All distances should be zero or positive (0.0+) and should not be infinite or NaN. Values should be separated by a TAB.
To summarize, the distance matrix should be preceded by a system name, <number of candidates> rows of file paths and should be composed of <number of candidates> columns of distance (separated by tab characters) and <number of queries> rows (one for each original track query). Each row corresponds to a particular query song (the track to find covers of).
Command Line Calling Format
/path/to/submission <collection_list_file> <query_list_file> <working_directory> <output_file> <collection_list_file>: Text file containing <number of candidates> full path file names for the <number of candidates> audio files in the collection (including the <number of queries> query documents). Example: /path/to/coversong/collection.txt <query_list_file> : Text file containing the <number of queries> full path file names for the <number of queries> query documents. Example: /path/to/coversong/queries.txt <working_directory> : Full path to a temporary directory where submission will have write access for caching features or calculations. Example: /tmp/submission_id/ <output_file> : Full path to file where submission should output the similarity matrix (<number of candidates> header rows + <number of queries> x <number of candidates> data matrix).
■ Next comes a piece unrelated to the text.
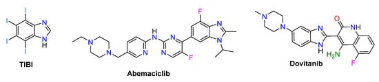 - Gianoncelli, A.; Cozza, G.; Orzeszko, A.; Meggio, F.; Kazimierczuk, Z.; Pinna, L.A. Tetraiodobenzimidazoles are potent inhibitors of protein kinase CK2. Bioorg. Med. Chem. 2009, 17, 7281–7289. [Google Scholar] [CrossRef]

Example: /path/to/coversong/results/submission_id.txt
E.g.
/path/to/m/submission.sh /path/to/feat_extract_file.txt /path/to/query_file.txt /path/to/scratch/dir /path/to/output_file.txt
Packaging submissions
All submissions should be statically linked to all libraries (the presence of dynamically linked libraries cannot be guarenteed).
All submissions should include a README file including the following the information:
- Command line calling format for all executables and an example formatted set of commands
- Number of threads/cores used or whether this should be specified on the command line
- Expected memory footprint
- Expected runtime
- Any required environments (and versions), e.g. python, java, bash, matlab.
Time and hardware limits
Due to the potentially high number of particpants in this and other audio tasks, hard limits on the runtime of submissions are specified.
A hard limit of 72 hours will be imposed on runs (total feature extraction and querying times). Submissions that exceed this runtime may not receive a result.